Mankind - Redefined

by lobsterMatriarch



Series: Stories From Under The Sink [3]
Category: Fallout (Video Games), Fallout 4
Genre: Alternate Canon, Alternate Universe - Canon Divergence, Canon-Typical Violence, Family Drama, Other, Suicidal Thoughts, canon character death, parenting
Language: English
Status: Completed
Published: 2016-09-15
Updated: 2016-09-15
Packaged: 2018-08-15 02:48:57
Rating: Mature
Warnings: Graphic Depictions Of Violence
Chapters: 1
Words: 2,849
Publisher: archiveofourown.org
Story URL: https://archiveofourown.org/works/8039503
Author URL: https://archiveofourown.org/users/lobsterMatriarch/pseuds/lobsterMatriarch
Summary: Nora always knew the Institute couldn't be allowed to survive, and she knew what that meant for her. Facing it is a completely different story.aka canon is terrible and I hate it so it must be fixed.





	Mankind - Redefined

**Author's Note:**

> Honestly, we were robbed of what could have been a really important and poignant decision by giving Shaun cancer and having him die no matter what. It's been bothering me since I finished the damn game. So here is what I think should have been an option.

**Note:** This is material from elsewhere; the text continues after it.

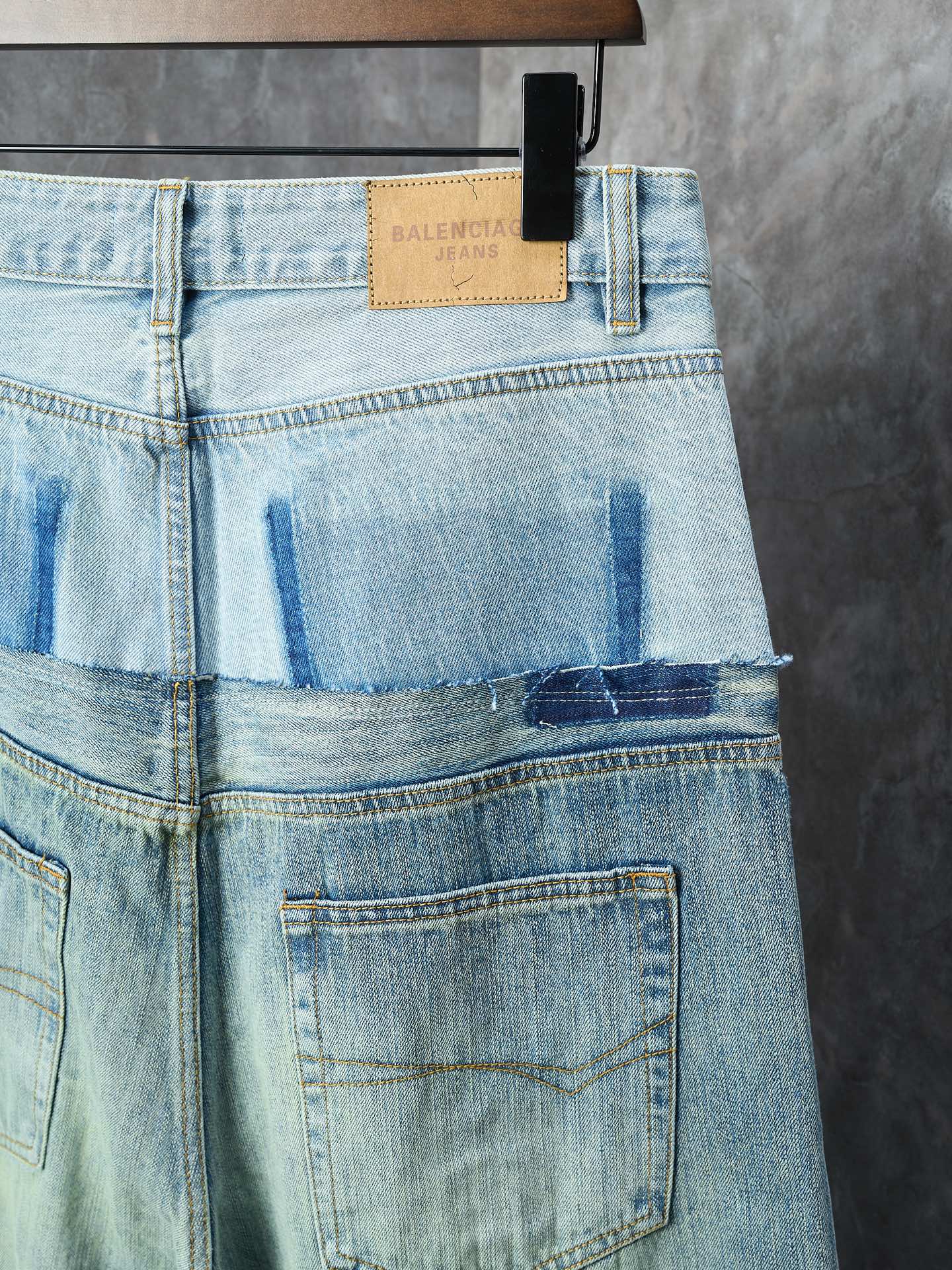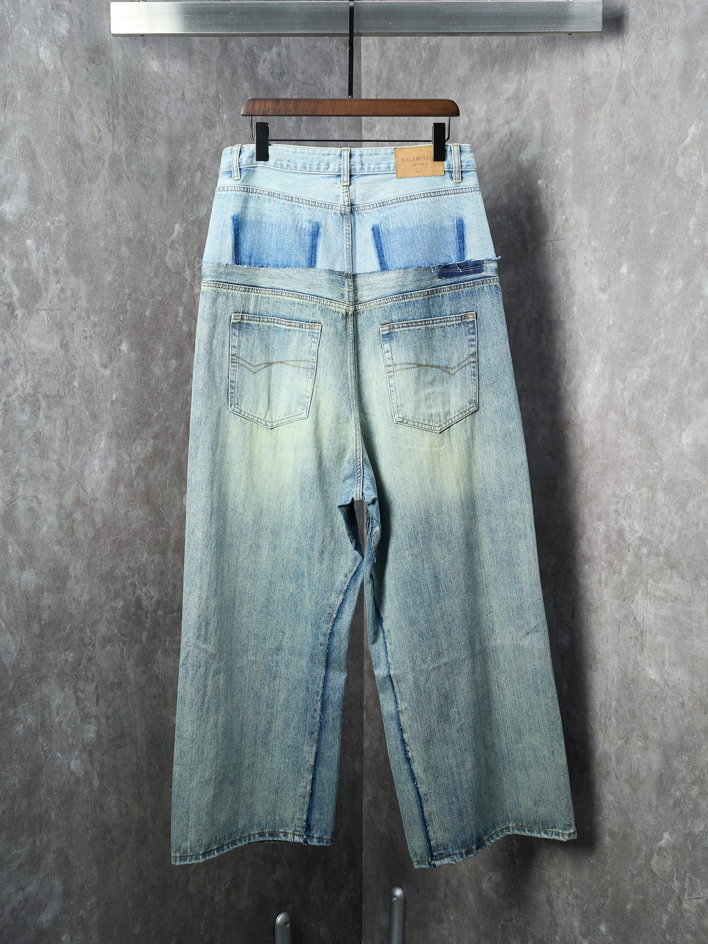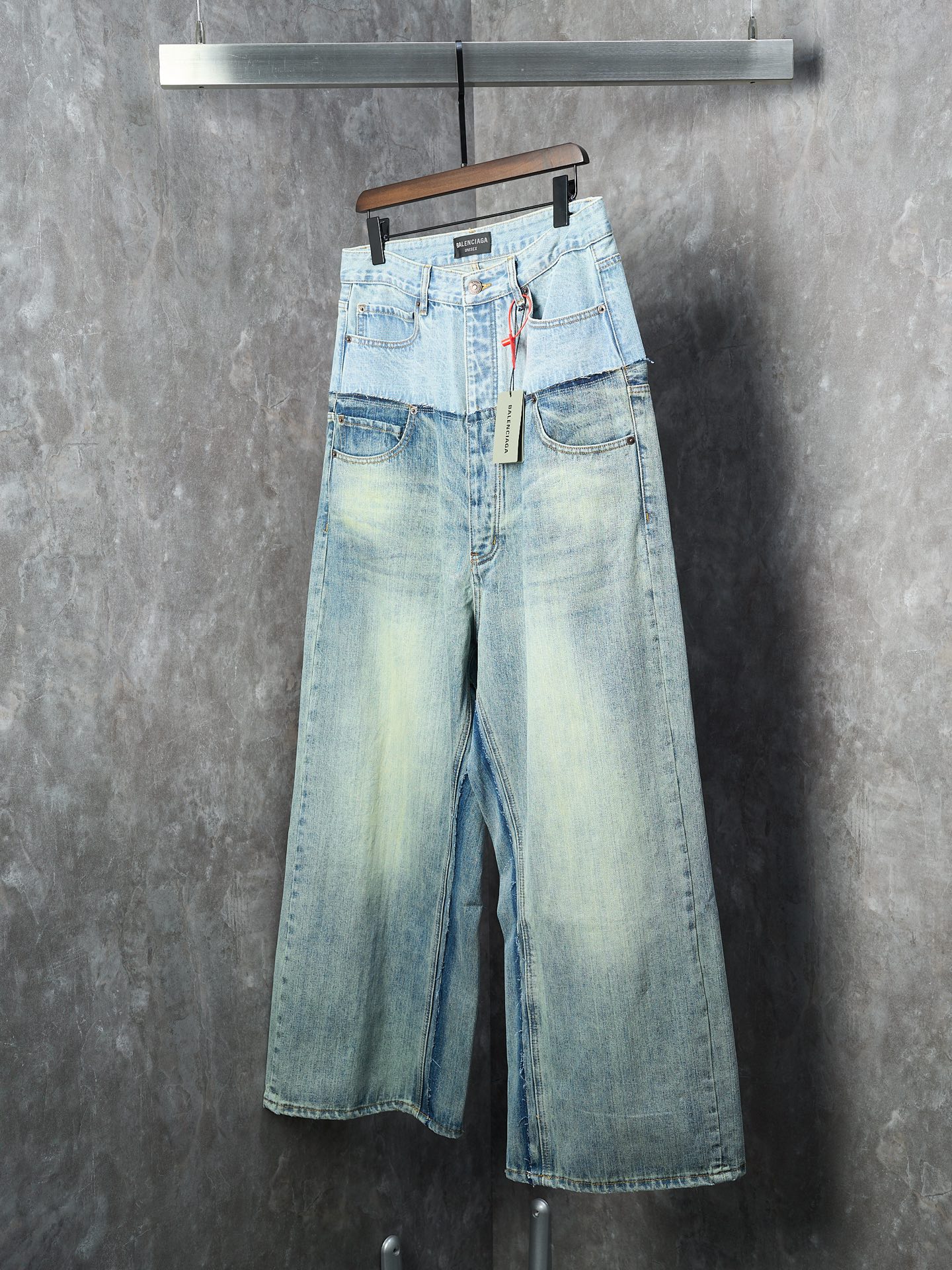 Balenciaga Multi-Pocket Two-Tone Jeans Distressed Denim Wide Leg Pants
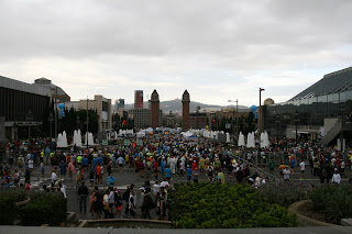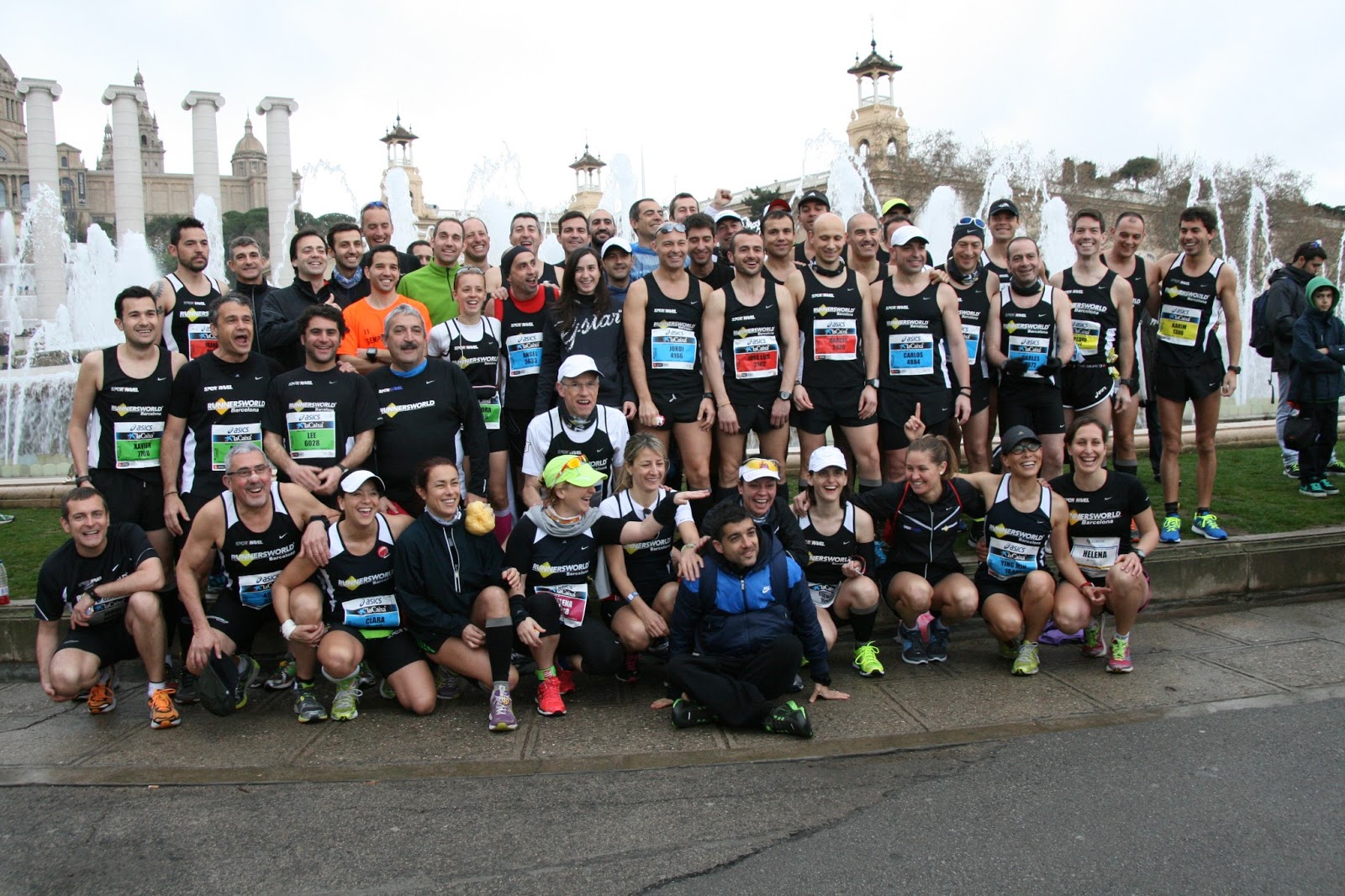Seguimos el camino a pie hasta el punto de encuentro. Reyes y Joan ya están por la zona. Vamos viendo a cada vez más runners. Algunos incluso ya trotan… desgaste innecesario a falta de 1h para empezar pensamos. En la recta de Maria Cristina vemos a la legión de africanos calentando… será el único momento que los veamos. Menudos galgos! Pronto llegamos a la fuente mágica al punto de encuentro habitual de sedentarios. La mayoría ya esta allí, junto con gente del COR. Empiezan los saludos, los comentarios, los nervios, … y las fotos de grupo. Hacemos varias fotos porque es difícil coincidir todos.

“I didn’t expect to see you again.”  
  
Nora’s blood ran cold at the sound of his voice, his clear, even disappointment that cut through her resolve. Part of her hoped that he would have been off in one of the laboratories, or a meeting room. A place that would keep him far from the fighting, where she would never have to think of him again. She already had the blood of Dr. Holdren drying in the seams of her armor, scraps of burning rubber and skin stinking in the laces her boots. Wasn’t that enough?  
  
Of course not. If there was one thing Nora had learned, it was that the wasteland and all the scum sunken below it had a wonderful sense of dramatic irony. Shaun was her responsibility, she’d accepted that since the day he was born. She’d taken him into her arms and promised to give him the world, and he would never give her the luxury of forsaking him to the nuclear option.  
  
“You had me fooled.” He stepped in her path, between her and the terminal that would bring about a second judgement day. “I really believed that you understood what it was that we were fighting for. So, will you tell me why you’ve betrayed me?”  
  
Shaun watched her with such hate in his eyes. Nate’s eyes. The pistol in his hand still pointed downwards.  
  
“Help me,” she pleaded. “It doesn’t have to end like this. The Commonwealth deserves a chance to survive without—“  
  
“Stop.” He was always so cold. “Spare me your ramblings, mother. You know, I honestly believed that you were on my side?”  
  
Gunshots rang from below, shouts for help from the wounded, the fallen. Shaun closed his eyes against it.  
  
“But here we are.”  
  
“You’re hurting people, Shaun. People I care about. Everyone on the surface lives their life in fear because of what you do down here.”  
  
“Progress must always come at a cost.” He said. “Surely you’re not so naive as to think otherwise?”  
  
She sized him up, square shoulders like his father but with her own dimpled cheeks. Which side of the family had given him this calculating cruelty?  
  
“No.” With a deep breath, she leveled her rifle at his head. “I’m not.”  
  
He laughed, dry and bitter, while she tried to blink through the tears that threatened her aim. “You’d do that, mother? You would kill me?”  
  
She would. She had to. The only future he promised was built on terror and secrets and sacrifice.  
  
“And I had such high hopes for you.” He said, sanctimonious to the end. “To think that you would prioritize your wasteland degenerates over the only hope mankind has of progress. Over your own flesh and—”  
  
“Don’t!” She shouted, her voice shrill and broken against the sterile white walls. “You haven’t given me a choice, you know that! Don’t tell me I’m wrong, after everything the Institute has done to us! What about your father?!”  
  
“We’ve discussed this.”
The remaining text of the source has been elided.